David Walsh, in Skelton, goes one step further. “It is interesting that another salt-loving plant, samphire, was so common on the Tees estuary that there was a settlement called Samphire Batts,” he says. “Samphire, like scurvy grass, was and is edible and was used in salads.”

Samphire takes its name from St Peter – saint pierre – who is the patron saint of fishermen. It is known as “poor man’s asparagus”, although it isn’t just eaten by the poor – it was on the table for Charles and Diana’s wedding breakfast, freshly delivered from the Sandringham estate in Norfolk, in 1981.

It grew so prolifically on the Durham bank of the Tees in the early 18th Century that the mudflats were known as Samphire Batts. When the Clarence Railway, itself named after the Duke of Clarence who became King William IV, arrived on the banks in 1833 bringing Durham coal, the batts were renamed Port Clarence.

The samphire could have been collected for salad, or it could have been heaped into huge piles and burnt. The ash would then have been heated with sand to produce a primitive form of glass.

Two hundred years later, does samphire still grow on the batts, or has it too lost out to the scourge of scurvy grass?
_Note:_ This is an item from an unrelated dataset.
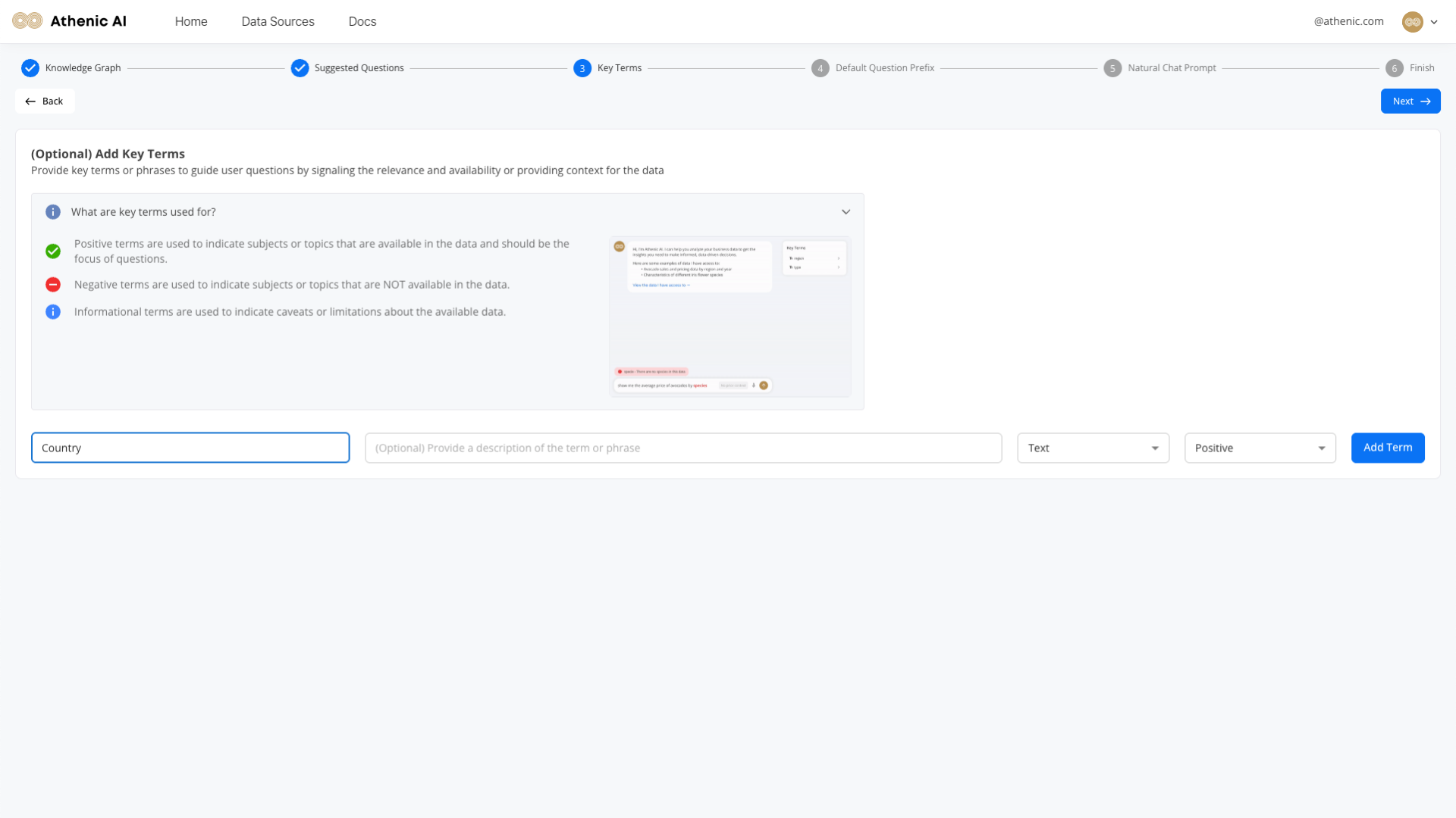 Key terms help guide users as they type questions—especially those less familiar with the data. Admins can define specific business terms (like “churned customers” or “Q1 revenue”) and provide helpful descriptions or context.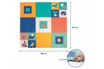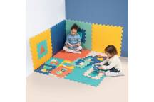 Accrochées les unes aux autres, les 7 grandes dalles et le 11 moyennes dalles offrent aux enfants un superbe tapis de jeu de 180 x 180 x 1,2 cm. Idéal pour marcher à quatre pattes ou pour s’amuser avec ses jouets préférés ! Solides et confortables (épaisseur : 1,2 cm), les dalles s’encastrent les unes aux autres et assurent la sécurité de l’enfant.

THERE are batts in Bishop Auckland, Richmond, Ripon, Colburn and Bedale, although there are no batts in the dictionary. It seems to be a part of riverbank that is covered by high water – either tide or flood. Often, a shingle island in the middle of the river is part of the batts, and quite often the batts have been quarried for either gravel or sand. I can’t find an explanation of where this Yorkshirey word comes from – the batts are enough to drive you batty.

LAST week, I offered the fascinatingly useless piece of information that bookkeeper is the only word in the English language that has three consecutive double letters. The Oxford English Dictionary (OED) confirms that it is one word without a hyphen, unlike sweet-tooth which would otherwise rival it.

In response, Eric Gendle from Nunthorpe offers “a trivial observation” which is equally useless but even more fascinating. He says: “There is said to be an American occupation called a subbookkeeper, which would have four sets of double letters in succession.”

The internet is rife with people proclaiming the uniqueness of subbookkeeper, but disappointingly, the OED refuses to accept it as a proper world. This is a shame, because if the subbookkeeper had someone working under him, he would be the soussubookkeeper.